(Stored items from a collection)
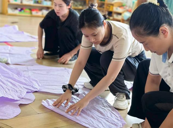 第五至八天,实践团队开展了环保宣传环创制作活动。教师与幼儿利用废旧材料共同制作了彩色风铃、动物模型等装饰品,共计完成50余件环保创意作品。这些作品不仅用于园所环境布置,更成为幼儿环保教育的生动教材。
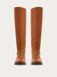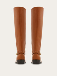 Taking cues from classic equestrian riding styles, this knee boot features a tubular shaft with a discreet zipper along the inner seam. The streamlined profile is enriched with the interlacing golden F buckle at the back of each ankle and set on a slightly tapered heel, traced with rubber for comfort. - Composition: calfskin - Made in ITALY - Product code: 01K226 784902
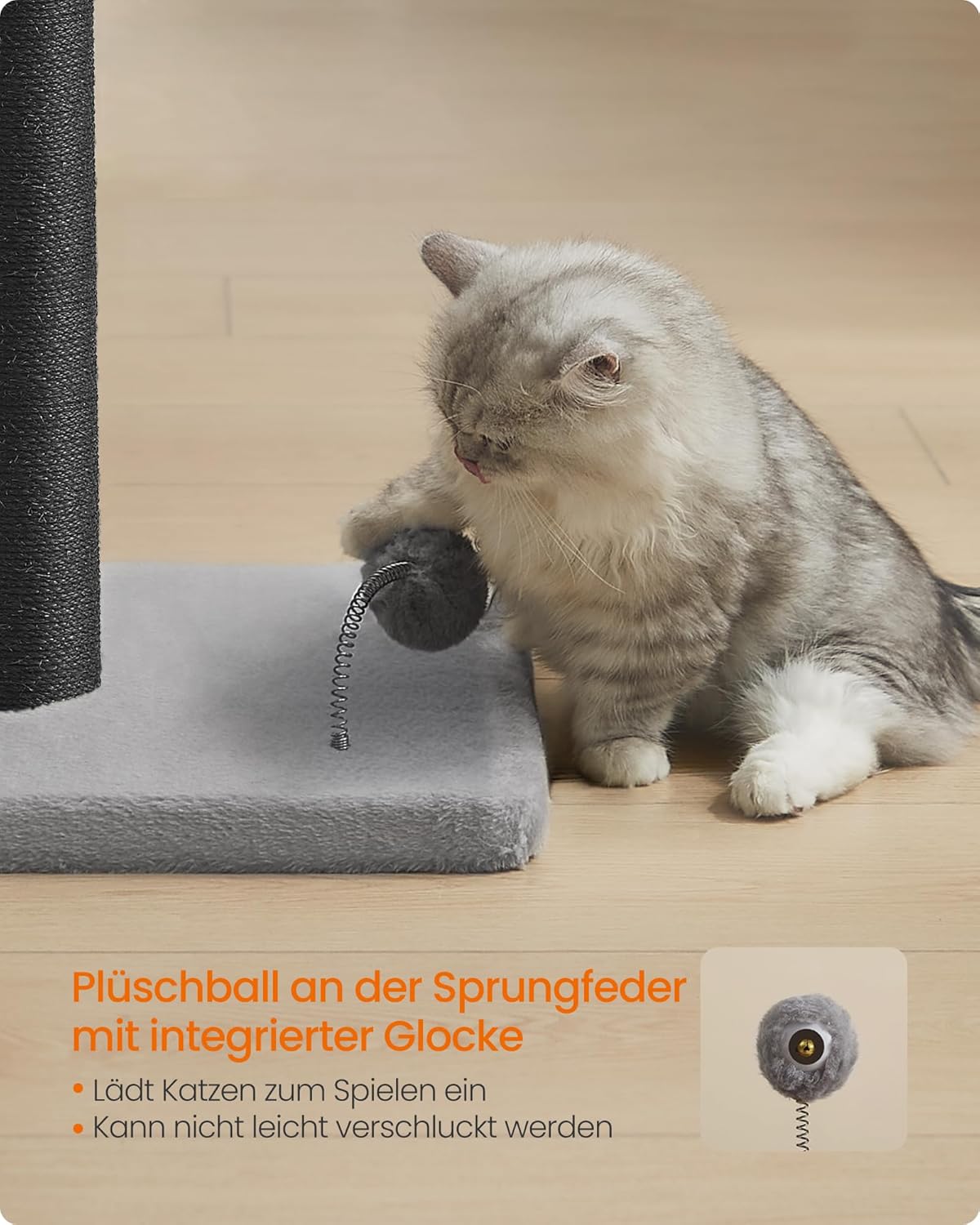 • Вградена камбанка за безопасност: плюшената топка на пружината има скрита камбанка вътре, която привлича котенцата да играят, като същевременно гарантира безопасност. Вашата любопитна любимка няма да може да ѝ устои!
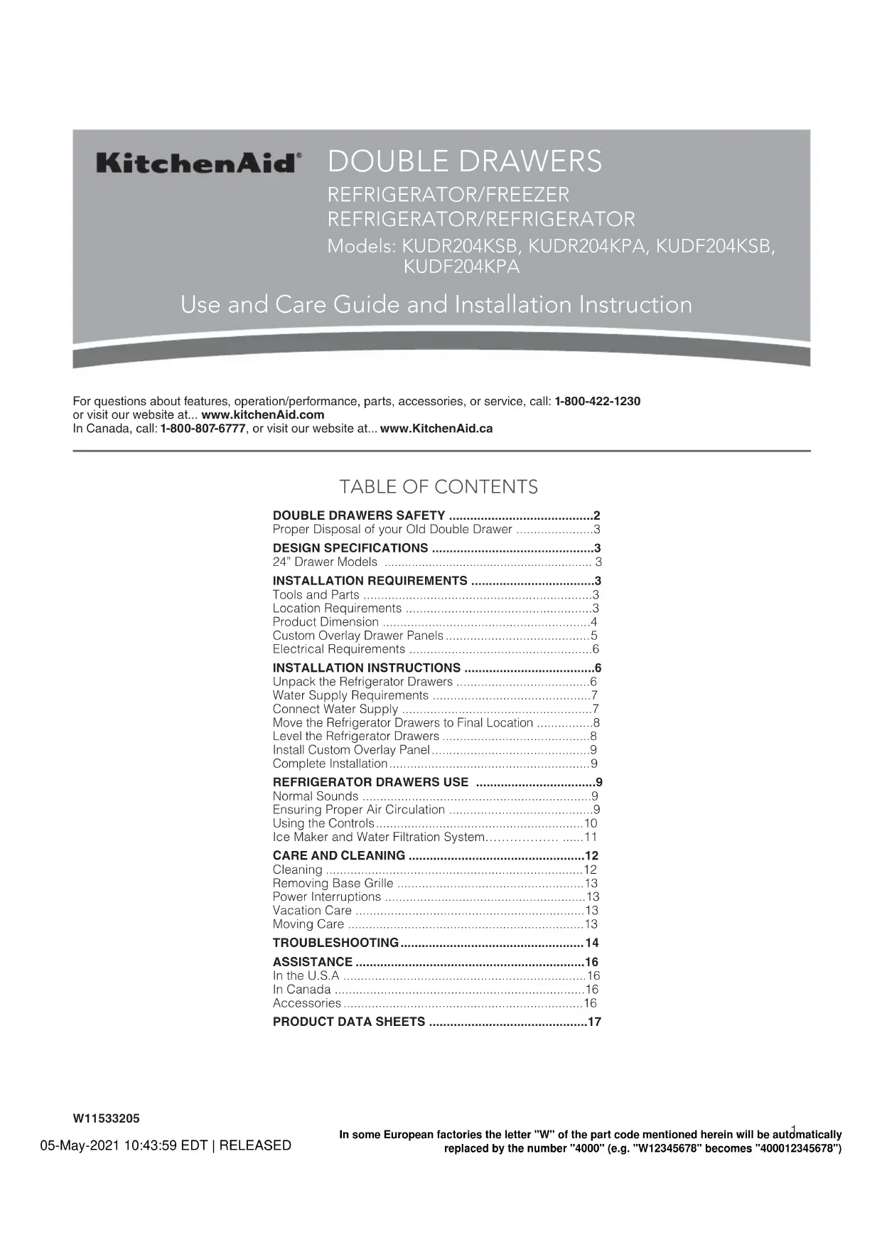 Modèles: KUDR204KSB, KUDR204KPA, KUDF204KSB, KUDF204KPA Guide d’Utilisation et d’Entretien et Instructions d’Installation 05-May-2021 10:43:59 EDT | RELEASED In some European factories the letter "W" of the part code mentioned herein will be automaticallyreplaced by the number "4000" (e.g. "W12345678" becomes "400012345678")SECURITÉ DU DOUBLE TIROIR Votre sécurité et celle des autres est très importante. Nous donnons de nombreux messages de sécurité importants dans ce manuel et sur votre appareil ménager. Assurez-vous de toujours lire tous les messages de sécurité et de vous y conformer. Risque possible de décès ou de blessure grave si vous ne suivez pas immédiatement les instructions. Risque possible de décès ou de blessure grave si vous ne suivez pas les instructions. Tous les messages de sécurité vous diront quel est le danger potentiel et vous disent comment réduire le risque de blessure et ce qui peut se produire en cas de non-respect des instructions.
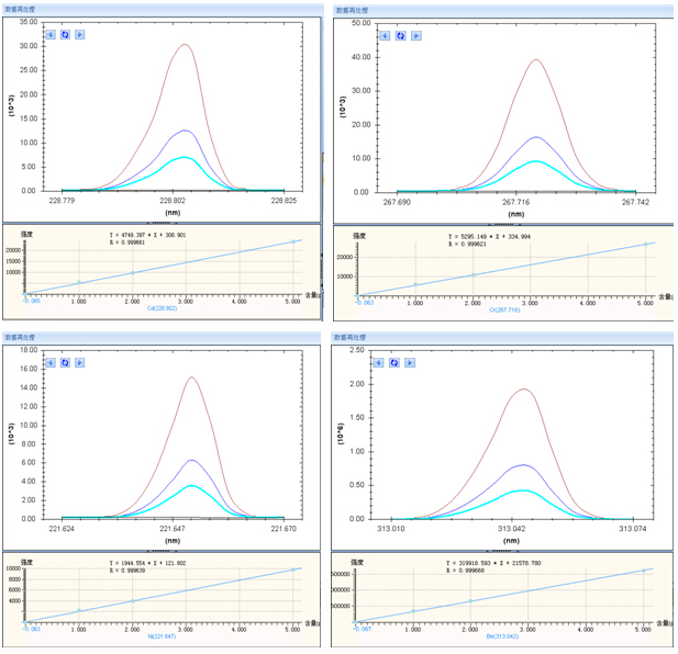在 ICP-AES正常運(yùn)行后,將樣品溶液通過進(jìn)樣系統(tǒng)引入到電感耦合等離子體中,分析波長(zhǎng)測(cè)定各元素的光譜強(qiáng)度。

■ **WHAT IS REQUIRED**: Return all of the records above exactly as written. Omit each picture.

■ **FINISHED TASK**:
 第五至八天,实践团队开展了环保宣传环创制作活动。教师与幼儿利用废旧材料共同制作了彩色风铃、动物模型等装饰品,共计完成50余件环保创意作品。这些作品不仅用于园所环境布置,更成为幼儿环保教育的生动教材。
 Taking cues from classic equestrian riding styles, this knee boot features a tubular shaft with a discreet zipper along the inner seam. The streamlined profile is enriched with the interlacing golden F buckle at the back of each ankle and set on a slightly tapered heel, traced with rubber for comfort. - Composition: calfskin - Made in ITALY - Product code: 01K226 784902
 • Вградена камбанка за безопасност: плюшената топка на пружината има скрита камбанка вътре, която привлича котенцата да играят, като същевременно гарантира безопасност. Вашата любопитна любимка няма да може да ѝ устои!
 Modèles: KUDR204KSB, KUDR204KPA, KUDF204KSB, KUDF204KPA Guide d’Utilisation et d’Entretien et Instructions d’Installation 05-May-2021 10:43:59 EDT | RELEASED In some European factories the letter "W" of the part code mentioned herein will be automaticallyreplaced by the number "4000" (e.g. "W12345678" becomes "400012345678")SECURITÉ DU DOUBLE TIROIR Votre sécurité et celle des autres est très importante. Nous donnons de nombreux messages de sécurité importants dans ce manuel et sur votre appareil ménager. Assurez-vous de toujours lire tous les messages de sécurité et de vous y conformer. Risque possible de décès ou de blessure grave si vous ne suivez pas immédiatement les instructions. Risque possible de décès ou de blessure grave si vous ne suivez pas les instructions. Tous les messages de sécurité vous diront quel est le danger potentiel et vous disent comment réduire le risque de blessure et ce qui peut se produire en cas de non-respect des instructions.
在 ICP-AES正常運(yùn)行后,將樣品溶液通過進(jìn)樣系統(tǒng)引入到電感耦合等離子體中,分析波長(zhǎng)測(cè)定各元素的光譜強(qiáng)度。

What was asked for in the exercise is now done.